=== Dataset extract ===
══════════════════════════════

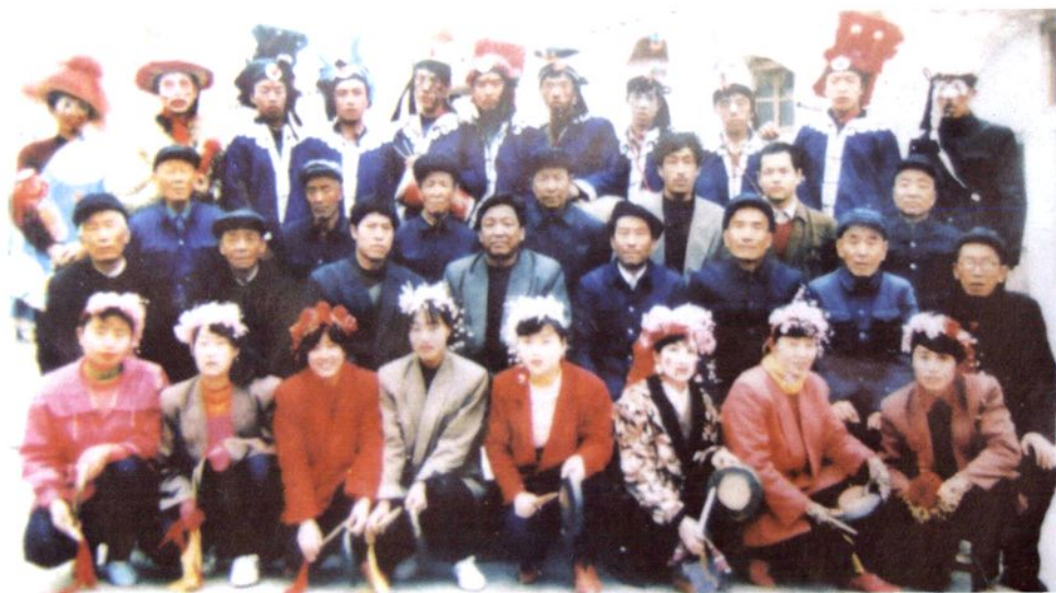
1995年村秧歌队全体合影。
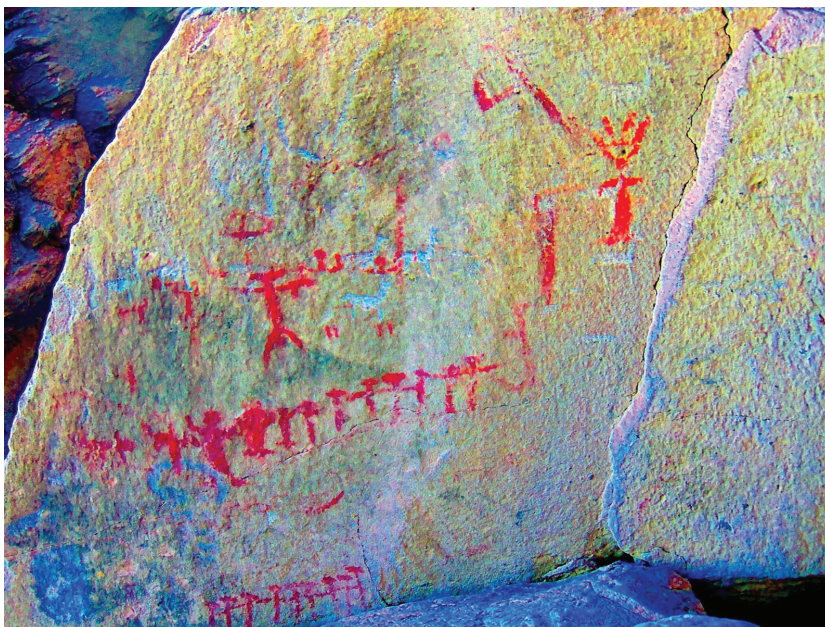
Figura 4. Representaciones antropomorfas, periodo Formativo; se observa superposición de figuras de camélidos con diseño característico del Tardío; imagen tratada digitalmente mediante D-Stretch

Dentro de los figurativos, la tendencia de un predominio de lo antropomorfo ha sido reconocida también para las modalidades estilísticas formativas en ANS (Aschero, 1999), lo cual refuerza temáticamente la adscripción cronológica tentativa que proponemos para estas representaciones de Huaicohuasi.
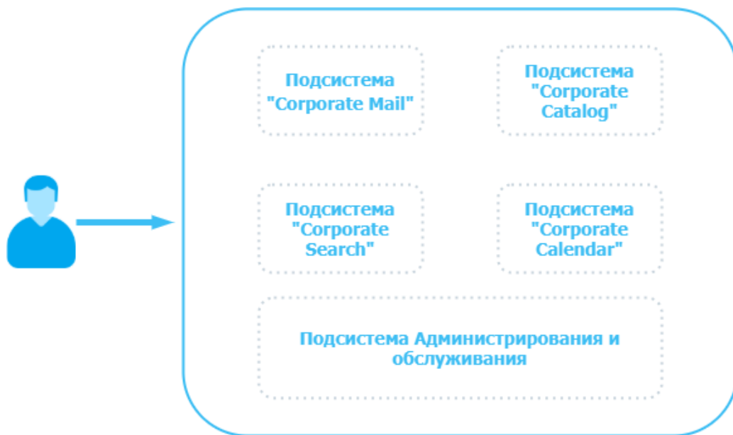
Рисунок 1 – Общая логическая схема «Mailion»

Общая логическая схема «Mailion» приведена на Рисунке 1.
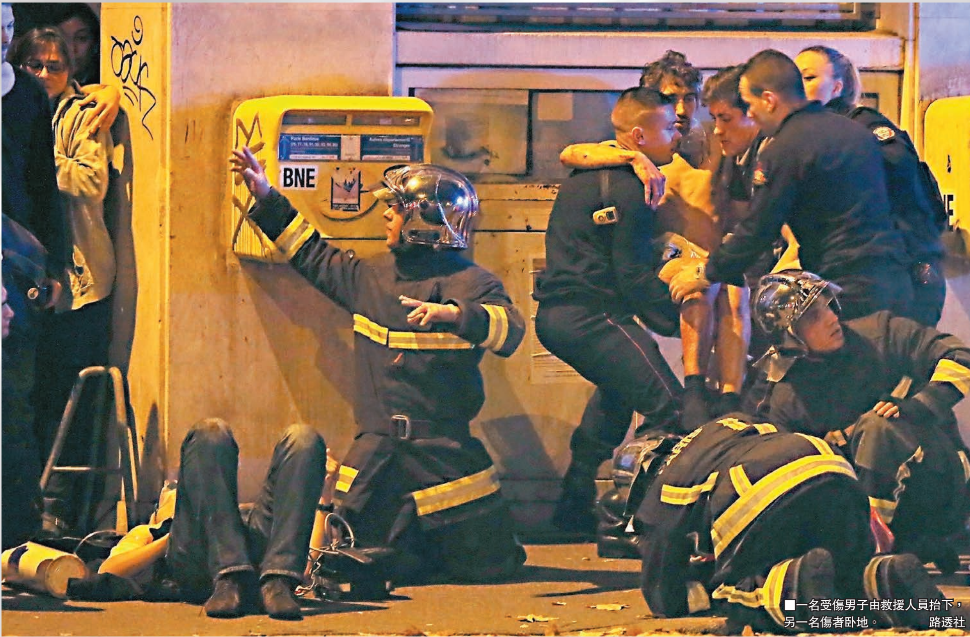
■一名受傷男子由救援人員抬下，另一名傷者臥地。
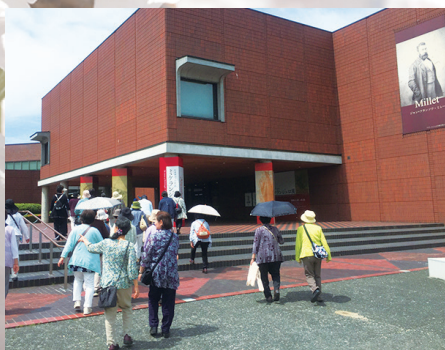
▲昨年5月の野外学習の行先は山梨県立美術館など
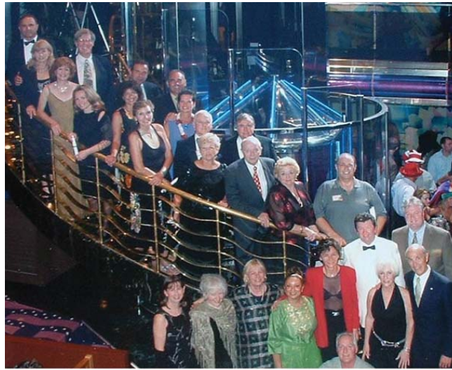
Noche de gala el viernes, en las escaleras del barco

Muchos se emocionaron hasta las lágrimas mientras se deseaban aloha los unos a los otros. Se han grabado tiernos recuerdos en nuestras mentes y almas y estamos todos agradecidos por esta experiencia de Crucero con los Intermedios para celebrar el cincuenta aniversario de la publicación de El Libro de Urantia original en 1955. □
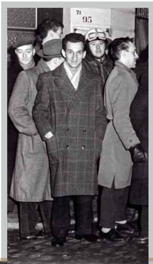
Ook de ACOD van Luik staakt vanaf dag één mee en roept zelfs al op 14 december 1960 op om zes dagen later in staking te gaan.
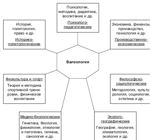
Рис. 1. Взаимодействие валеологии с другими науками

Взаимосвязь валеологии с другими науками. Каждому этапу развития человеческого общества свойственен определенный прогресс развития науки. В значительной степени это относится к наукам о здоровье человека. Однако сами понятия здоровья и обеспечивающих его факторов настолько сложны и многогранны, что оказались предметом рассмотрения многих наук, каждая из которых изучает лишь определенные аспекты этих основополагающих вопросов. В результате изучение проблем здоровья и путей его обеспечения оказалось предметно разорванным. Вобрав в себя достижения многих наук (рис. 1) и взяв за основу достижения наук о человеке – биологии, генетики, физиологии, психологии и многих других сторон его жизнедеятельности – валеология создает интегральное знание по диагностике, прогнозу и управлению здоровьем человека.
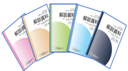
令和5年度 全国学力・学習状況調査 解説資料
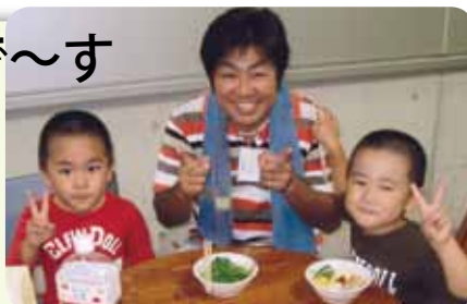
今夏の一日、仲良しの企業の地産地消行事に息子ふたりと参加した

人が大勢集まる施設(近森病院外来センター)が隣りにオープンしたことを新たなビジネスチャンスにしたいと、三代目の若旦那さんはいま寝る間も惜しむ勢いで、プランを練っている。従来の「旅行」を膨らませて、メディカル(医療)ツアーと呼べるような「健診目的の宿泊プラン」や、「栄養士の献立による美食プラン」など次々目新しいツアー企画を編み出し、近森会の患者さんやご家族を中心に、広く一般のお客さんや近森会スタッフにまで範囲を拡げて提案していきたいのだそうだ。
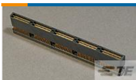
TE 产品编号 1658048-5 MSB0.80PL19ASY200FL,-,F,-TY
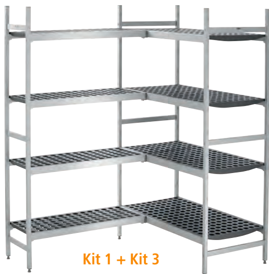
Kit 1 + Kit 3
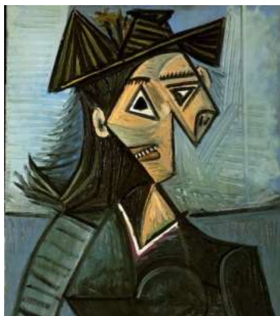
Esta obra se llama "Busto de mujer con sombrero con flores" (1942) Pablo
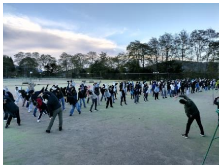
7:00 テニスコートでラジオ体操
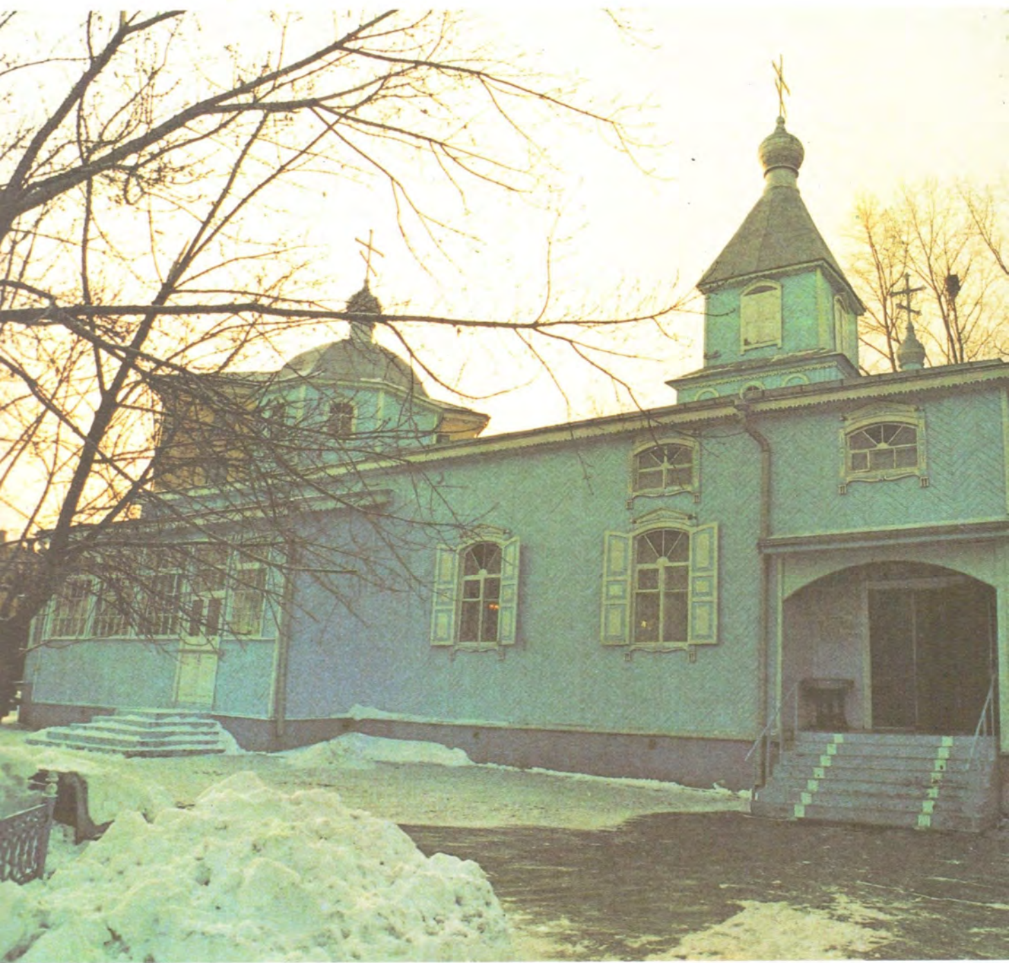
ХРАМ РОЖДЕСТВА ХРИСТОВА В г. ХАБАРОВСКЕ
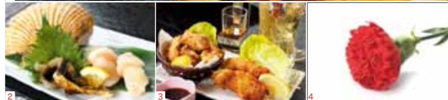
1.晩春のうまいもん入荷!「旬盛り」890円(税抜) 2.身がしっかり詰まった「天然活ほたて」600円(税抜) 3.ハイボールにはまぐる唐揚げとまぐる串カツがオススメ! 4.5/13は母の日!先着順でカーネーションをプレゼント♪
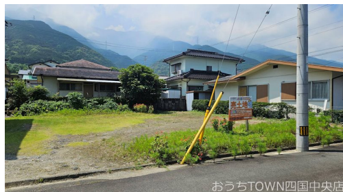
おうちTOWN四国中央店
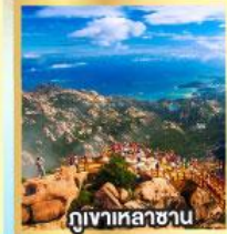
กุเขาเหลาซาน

══════════════════════════════

=== About this exercise ===
Every line from the start of the listing above through the line with "今夏の一日、仲良しの企業の地産地消行事に息子ふたりと参加した" should be repeated exactly; skip the pictures and add nothing else.

=== Written response ===
1995年村秧歌队全体合影。
Figura 4. Representaciones antropomorfas, periodo Formativo; se observa superposición de figuras de camélidos con diseño característico del Tardío; imagen tratada digitalmente mediante D-Stretch

Dentro de los figurativos, la tendencia de un predominio de lo antropomorfo ha sido reconocida también para las modalidades estilísticas formativas en ANS (Aschero, 1999), lo cual refuerza temáticamente la adscripción cronológica tentativa que proponemos para estas representaciones de Huaicohuasi.
Рисунок 1 – Общая логическая схема «Mailion»

Общая логическая схема «Mailion» приведена на Рисунке 1.
■一名受傷男子由救援人員抬下，另一名傷者臥地。
▲昨年5月の野外学習の行先は山梨県立美術館など
Noche de gala el viernes, en las escaleras del barco

Muchos se emocionaron hasta las lágrimas mientras se deseaban aloha los unos a los otros. Se han grabado tiernos recuerdos en nuestras mentes y almas y estamos todos agradecidos por esta experiencia de Crucero con los Intermedios para celebrar el cincuenta aniversario de la publicación de El Libro de Urantia original en 1955. □
Ook de ACOD van Luik staakt vanaf dag één mee en roept zelfs al op 14 december 1960 op om zes dagen later in staking te gaan.
Рис. 1. Взаимодействие валеологии с другими науками

Взаимосвязь валеологии с другими науками. Каждому этапу развития человеческого общества свойственен определенный прогресс развития науки. В значительной степени это относится к наукам о здоровье человека. Однако сами понятия здоровья и обеспечивающих его факторов настолько сложны и многогранны, что оказались предметом рассмотрения многих наук, каждая из которых изучает лишь определенные аспекты этих основополагающих вопросов. В результате изучение проблем здоровья и путей его обеспечения оказалось предметно разорванным. Вобрав в себя достижения многих наук (рис. 1) и взяв за основу достижения наук о человеке – биологии, генетики, физиологии, психологии и многих других сторон его жизнедеятельности – валеология создает интегральное знание по диагностике, прогнозу и управлению здоровьем человека.
令和5年度 全国学力・学習状況調査 解説資料
今夏の一日、仲良しの企業の地産地消行事に息子ふたりと参加した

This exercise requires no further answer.